Open badmansan opened this issue 5 years ago • 6 comments

I think this assertion will be very useful

badmansan avatar Oct 04 '20 15:10 badmansan

What's the real life use case for this? What is then supposed to be done with the value (which is now known to be a "correct date") and the knowledge about it being a "correct date"?

zerkms avatar Oct 04 '20 23:10 zerkms

What's the real life use case for this? What is then supposed to be done with the value (which is now known to be a "correct date") and the knowledge about it being a "correct date"?

I use this check in api, at the very beginning, when receiving arguments. This allows you to immediately throw a validation error.

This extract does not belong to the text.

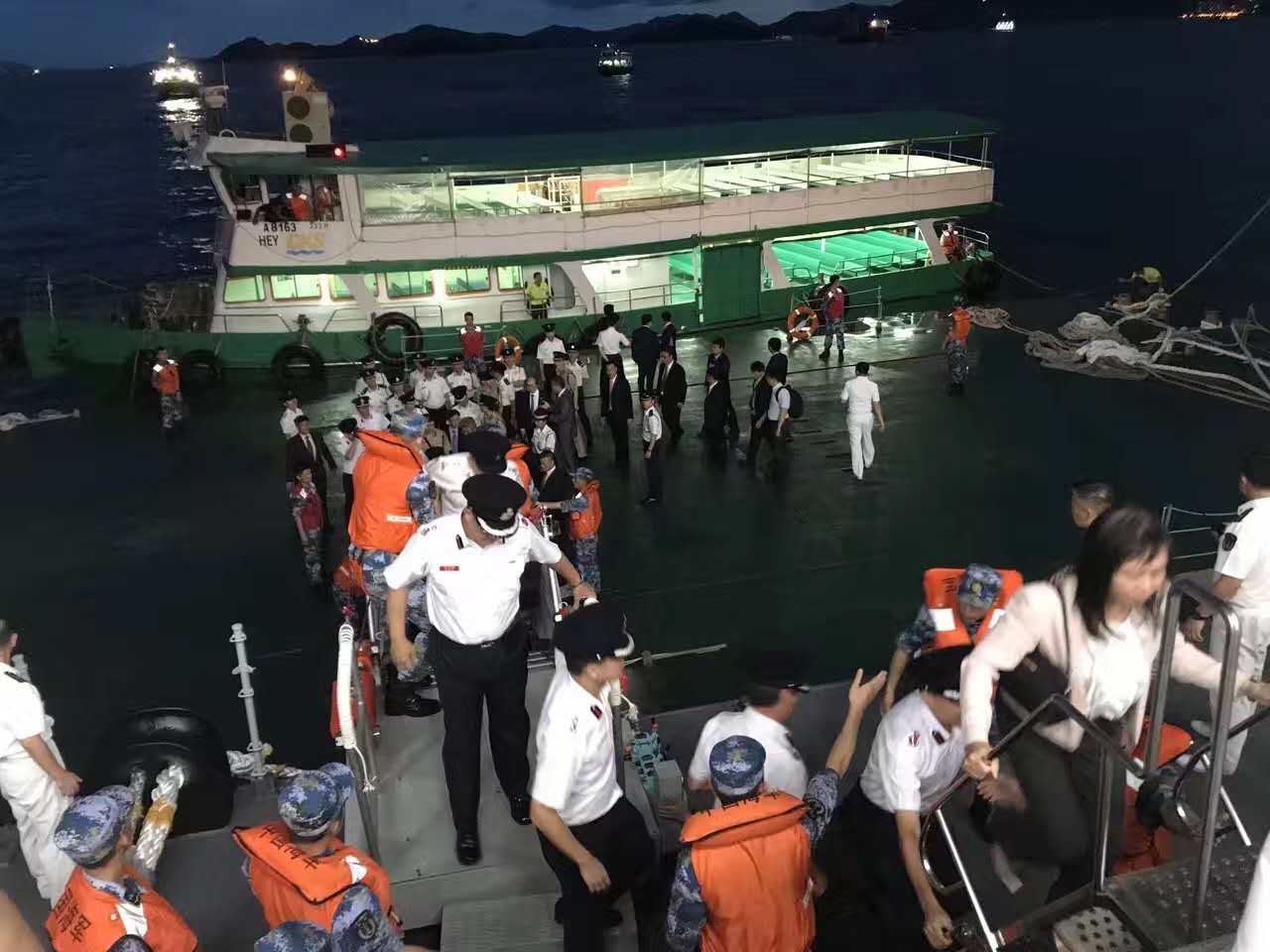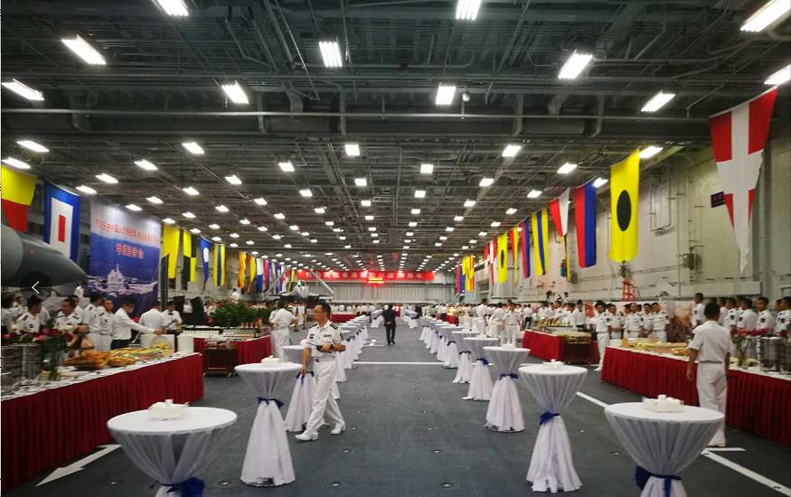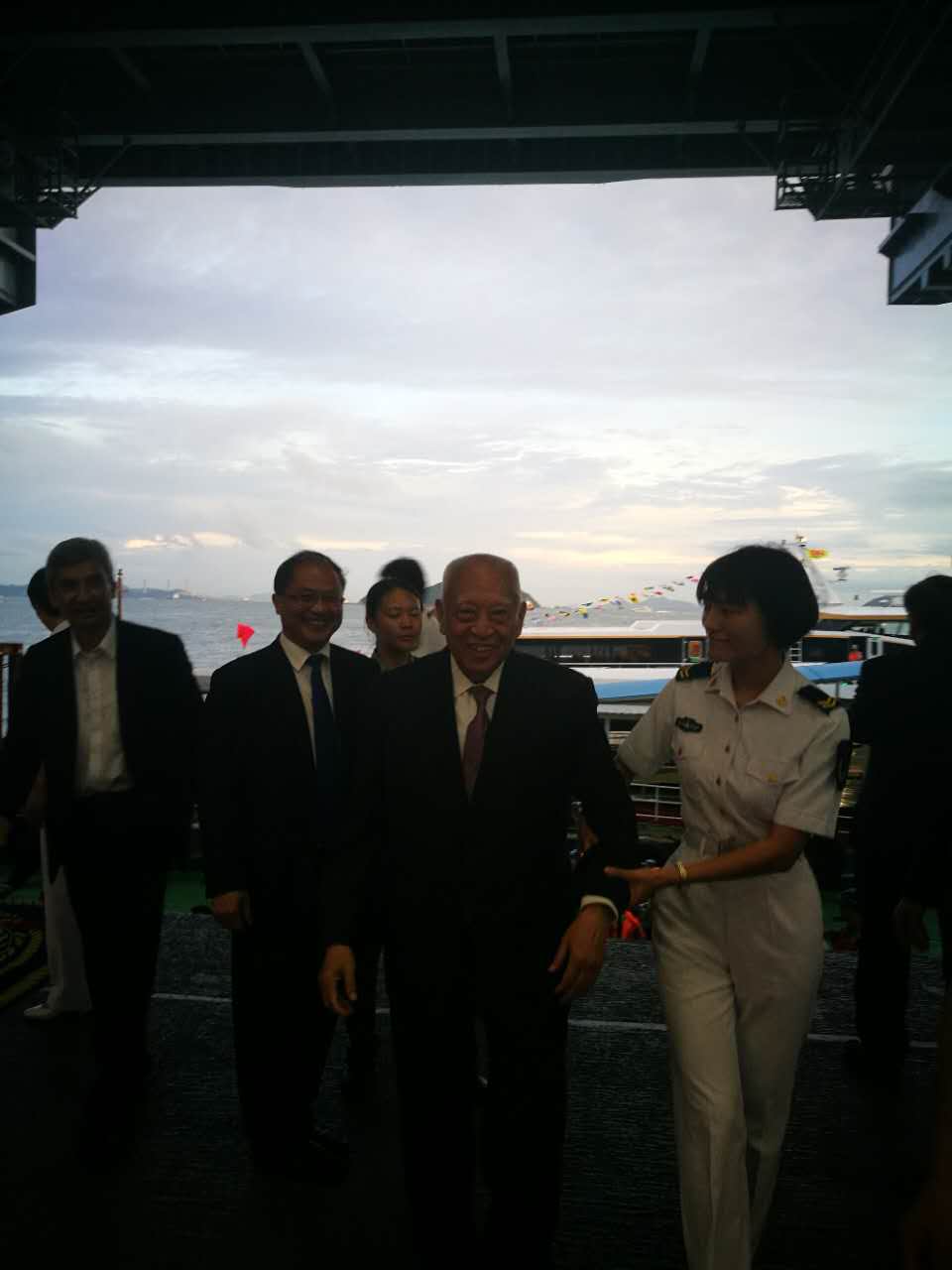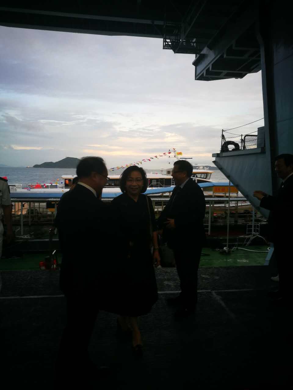 夏日的维多利亚港湾海风习习,辽宁舰灯火通明。下午6时许,应邀出席甲板招待会的香港特区政府主要官员、中央驻港机构领导、港区全国人大代表和全国政协常委、香港部分社会知名人士,澳门特别行政区政府领导及驻港澳部队领导约500名嘉宾,乘坐交通艇登上辽宁舰。

badmansan avatar Oct 05 '20 08:10 badmansan

This allows you to immediately throw a validation error.

I'm not sure assertion should be used instead of validation, but that's another discussion.

And what exactly do you do that value (later in your code)?

zerkms avatar Oct 05 '20 08:10 zerkms

And what exactly do you do that value (later in your code)?

I use it in sql queries. If the date is initially incorrect, all further actions do not make sense

badmansan avatar Oct 05 '20 09:10 badmansan

You should really use DateTime instances and convert them to strings yourself, for example like in https://github.com/doctrine/dbal/blob/3622d6d5823ccaba5d768c311aed27383655041f/lib/Doctrine/DBAL/Types/DateType.php#L30-L44

Ocramius avatar Nov 06 '20 14:11 Ocramius

So this is verifying if a specific value (2021-02-28) is on the format (Y-m-d).

I dont see any tests and Im hesitant about the use case. What you really should do is:

$date = \DateTimeImmutable::createFromFormat('Y-m-d', $rawDateInput);
if ($date === false) {
  throw new ValidationError('Wrong date');
}

$mySercice->foo($date);

Ie, as soon as you can, use a DateTimeImmutable, because you know that is safe compared to $rawDateInput.